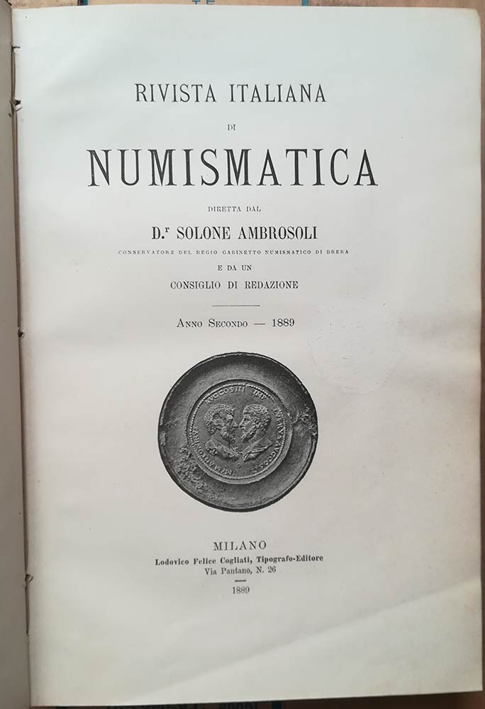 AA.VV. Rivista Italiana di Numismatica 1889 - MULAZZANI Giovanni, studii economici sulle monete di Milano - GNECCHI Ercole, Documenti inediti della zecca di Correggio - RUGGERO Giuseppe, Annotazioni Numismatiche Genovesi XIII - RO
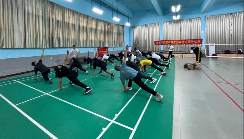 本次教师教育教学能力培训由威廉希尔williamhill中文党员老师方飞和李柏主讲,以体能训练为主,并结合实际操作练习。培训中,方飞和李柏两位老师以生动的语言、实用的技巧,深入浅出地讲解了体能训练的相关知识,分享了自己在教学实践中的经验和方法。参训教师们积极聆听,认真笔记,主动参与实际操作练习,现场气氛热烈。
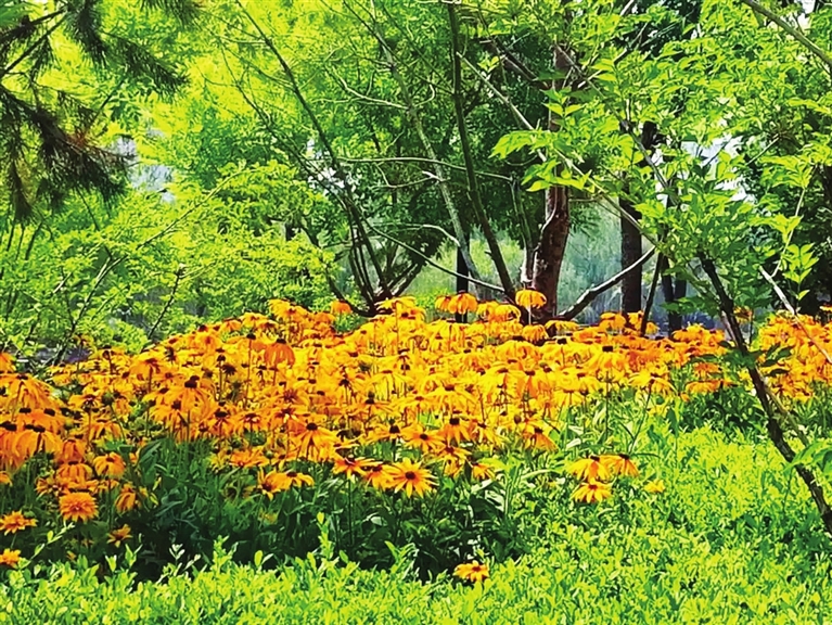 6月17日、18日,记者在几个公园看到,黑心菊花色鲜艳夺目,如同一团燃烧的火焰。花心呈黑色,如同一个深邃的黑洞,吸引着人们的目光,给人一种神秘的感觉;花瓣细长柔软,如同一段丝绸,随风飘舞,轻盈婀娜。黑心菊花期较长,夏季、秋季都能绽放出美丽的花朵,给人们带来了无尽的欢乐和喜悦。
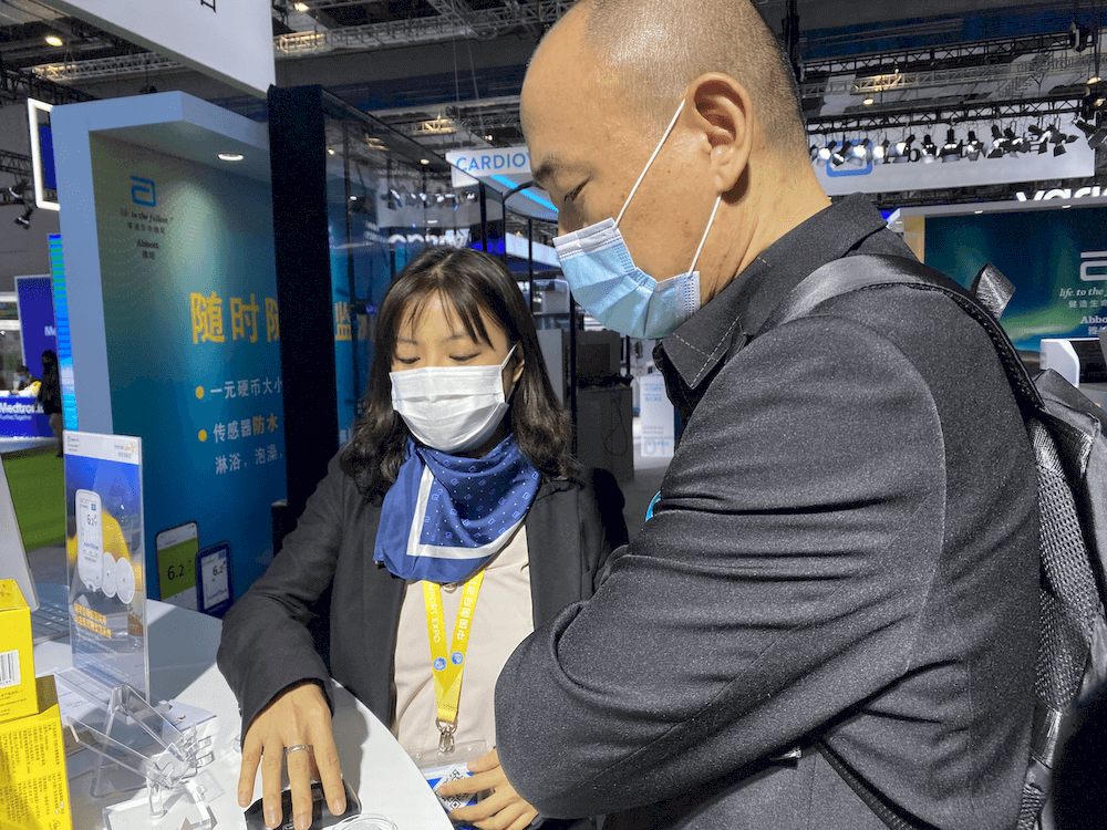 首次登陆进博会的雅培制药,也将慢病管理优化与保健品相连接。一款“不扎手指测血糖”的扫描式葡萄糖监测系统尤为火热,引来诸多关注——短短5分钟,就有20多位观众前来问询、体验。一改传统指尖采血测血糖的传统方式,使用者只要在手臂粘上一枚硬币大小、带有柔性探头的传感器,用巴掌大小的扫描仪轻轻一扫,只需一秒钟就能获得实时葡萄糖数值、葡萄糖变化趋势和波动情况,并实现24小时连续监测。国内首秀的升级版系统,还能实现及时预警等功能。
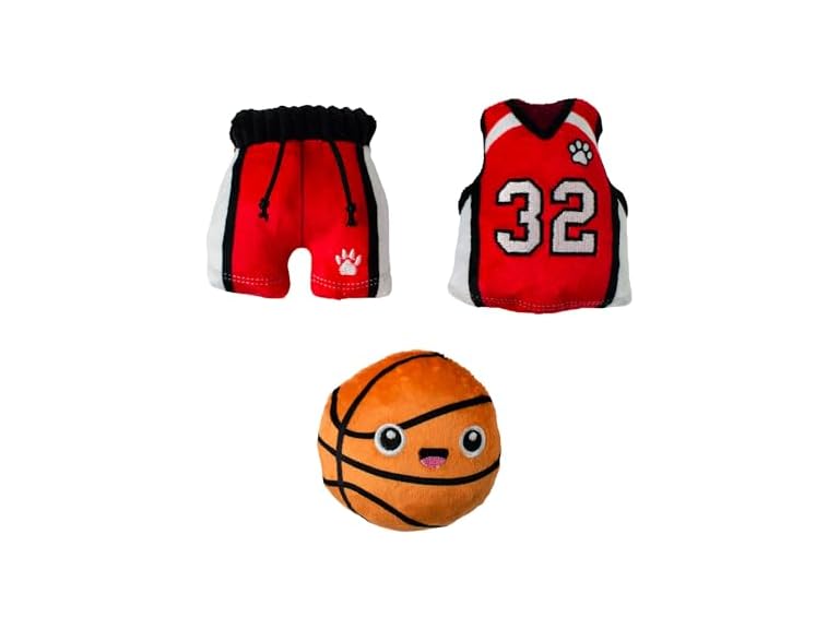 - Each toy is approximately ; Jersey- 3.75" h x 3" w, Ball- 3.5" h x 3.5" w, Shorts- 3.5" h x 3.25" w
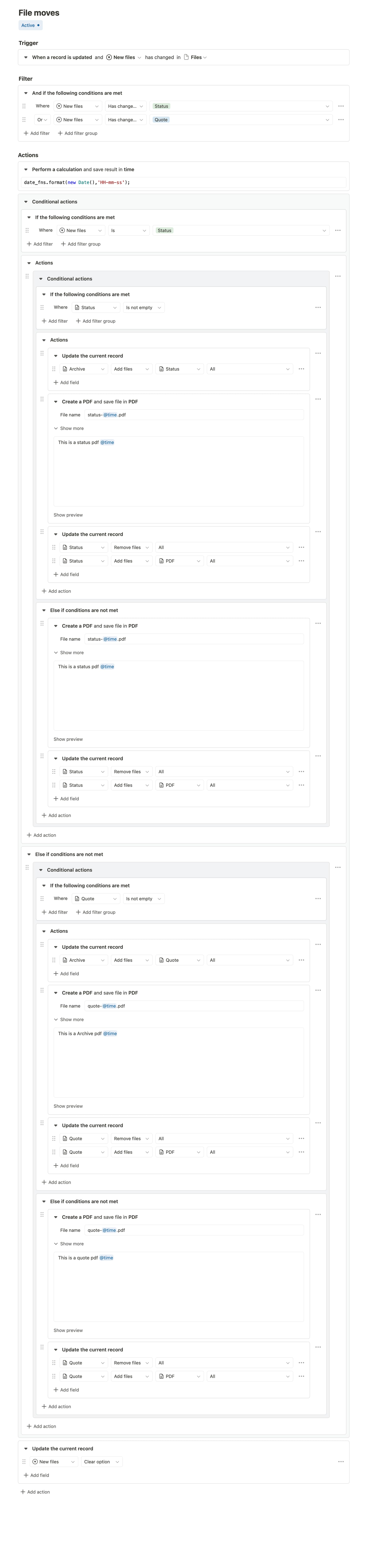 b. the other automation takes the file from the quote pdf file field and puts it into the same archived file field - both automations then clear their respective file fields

--

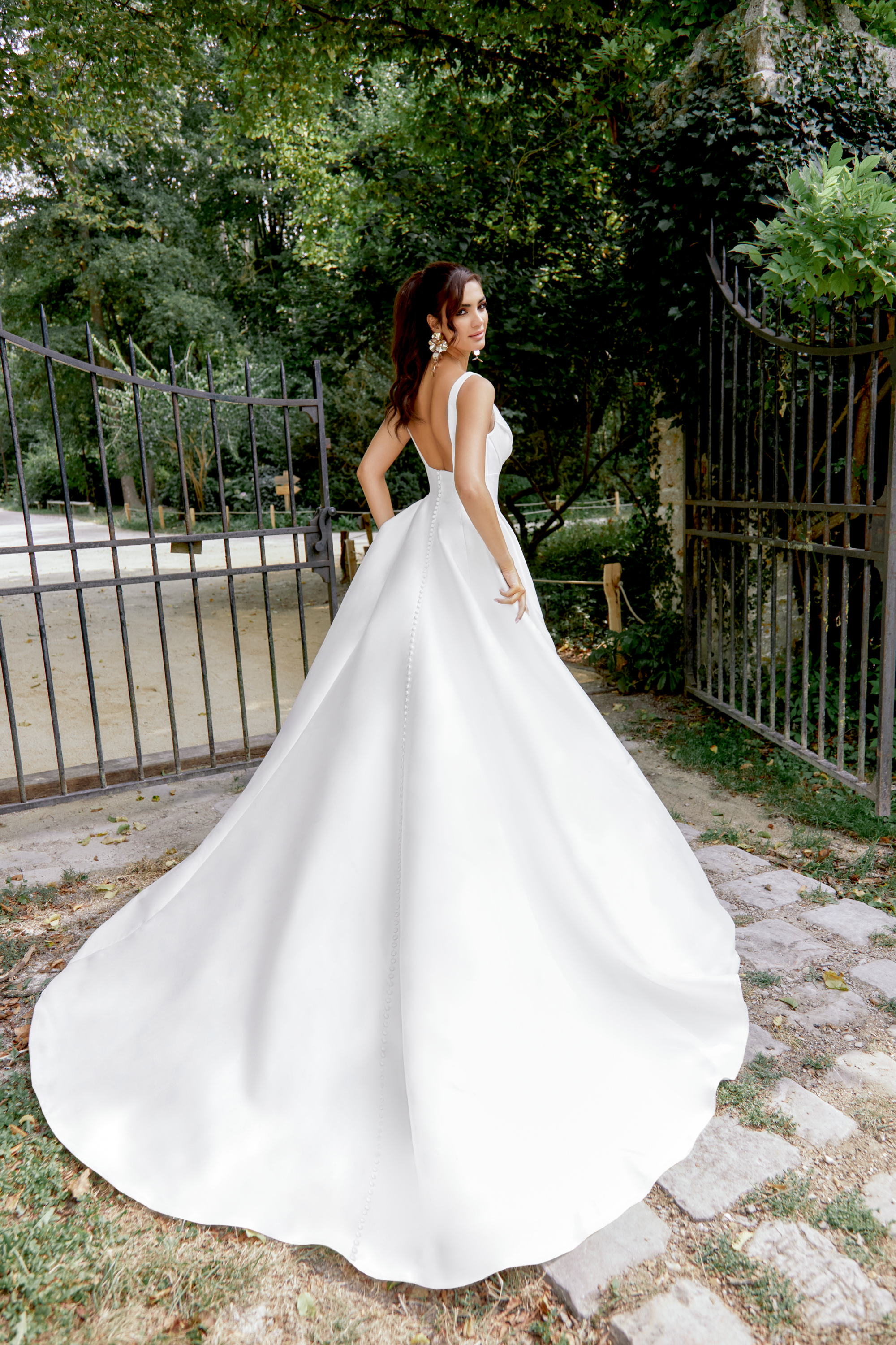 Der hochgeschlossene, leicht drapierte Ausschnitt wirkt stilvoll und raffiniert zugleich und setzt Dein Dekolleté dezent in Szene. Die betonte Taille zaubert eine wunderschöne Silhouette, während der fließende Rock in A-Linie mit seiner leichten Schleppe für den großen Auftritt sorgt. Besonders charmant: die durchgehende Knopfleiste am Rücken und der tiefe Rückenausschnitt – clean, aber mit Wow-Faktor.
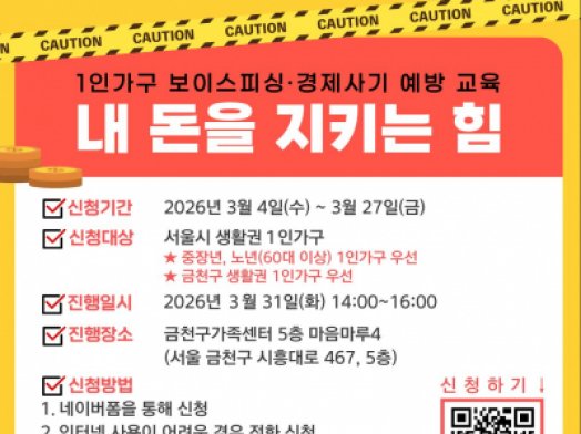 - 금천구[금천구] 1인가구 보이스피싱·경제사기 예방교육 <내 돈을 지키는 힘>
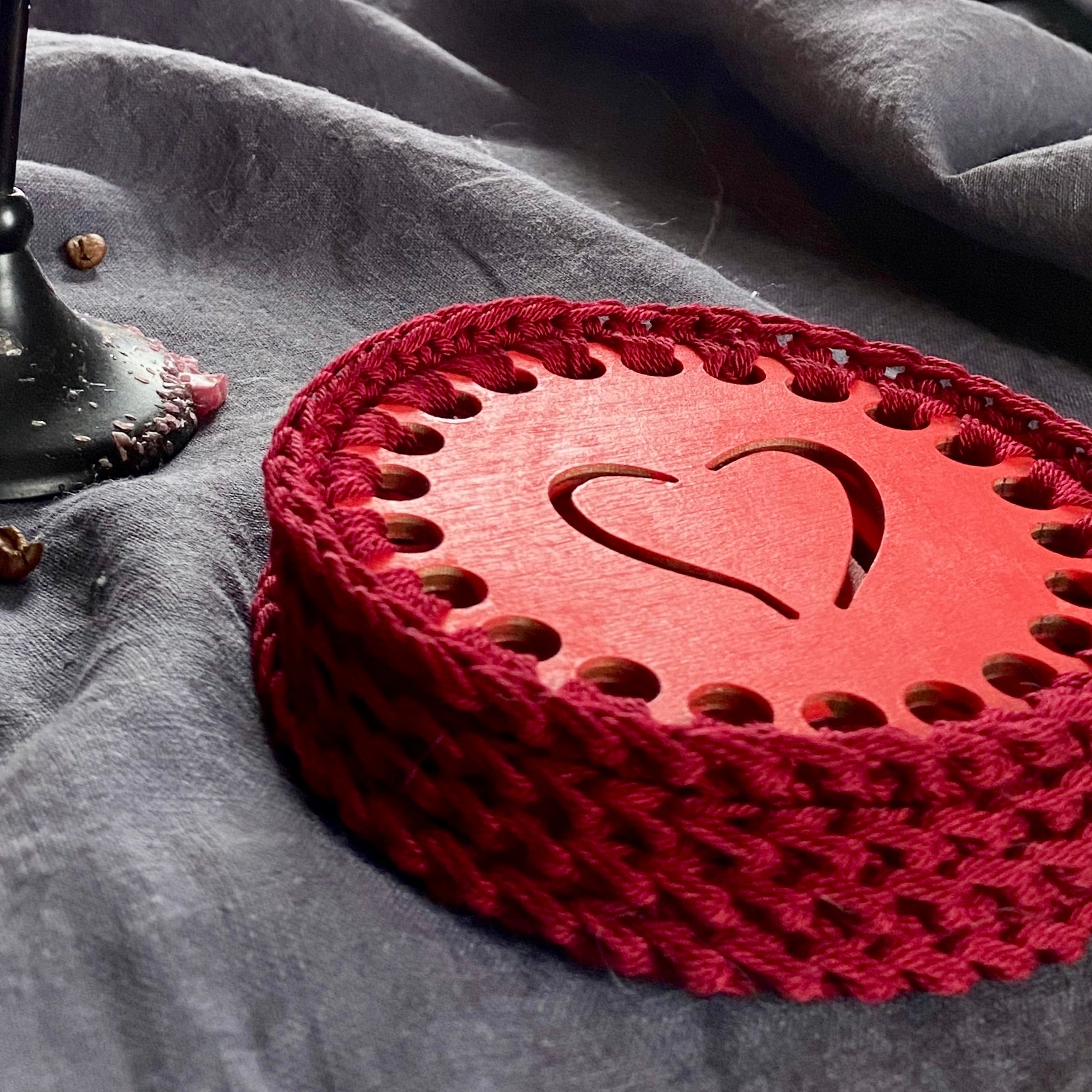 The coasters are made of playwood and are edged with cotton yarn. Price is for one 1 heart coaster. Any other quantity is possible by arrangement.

**Directions for this task:** Starting from the line with "本次教师教育教学能力培训由威" in the records above, repeat each line exactly until you have written the line with "b. the other", then stop; drop the pictures.

**Answer box:**
 本次教师教育教学能力培训由威廉希尔williamhill中文党员老师方飞和李柏主讲,以体能训练为主,并结合实际操作练习。培训中,方飞和李柏两位老师以生动的语言、实用的技巧,深入浅出地讲解了体能训练的相关知识,分享了自己在教学实践中的经验和方法。参训教师们积极聆听,认真笔记,主动参与实际操作练习,现场气氛热烈。
 6月17日、18日,记者在几个公园看到,黑心菊花色鲜艳夺目,如同一团燃烧的火焰。花心呈黑色,如同一个深邃的黑洞,吸引着人们的目光,给人一种神秘的感觉;花瓣细长柔软,如同一段丝绸,随风飘舞,轻盈婀娜。黑心菊花期较长,夏季、秋季都能绽放出美丽的花朵,给人们带来了无尽的欢乐和喜悦。
 首次登陆进博会的雅培制药,也将慢病管理优化与保健品相连接。一款“不扎手指测血糖”的扫描式葡萄糖监测系统尤为火热,引来诸多关注——短短5分钟,就有20多位观众前来问询、体验。一改传统指尖采血测血糖的传统方式,使用者只要在手臂粘上一枚硬币大小、带有柔性探头的传感器,用巴掌大小的扫描仪轻轻一扫,只需一秒钟就能获得实时葡萄糖数值、葡萄糖变化趋势和波动情况,并实现24小时连续监测。国内首秀的升级版系统,还能实现及时预警等功能。
 - Each toy is approximately ; Jersey- 3.75" h x 3" w, Ball- 3.5" h x 3.5" w, Shorts- 3.5" h x 3.25" w
 b. the other automation takes the file from the quote pdf file field and puts it into the same archived file field - both automations then clear their respective file fields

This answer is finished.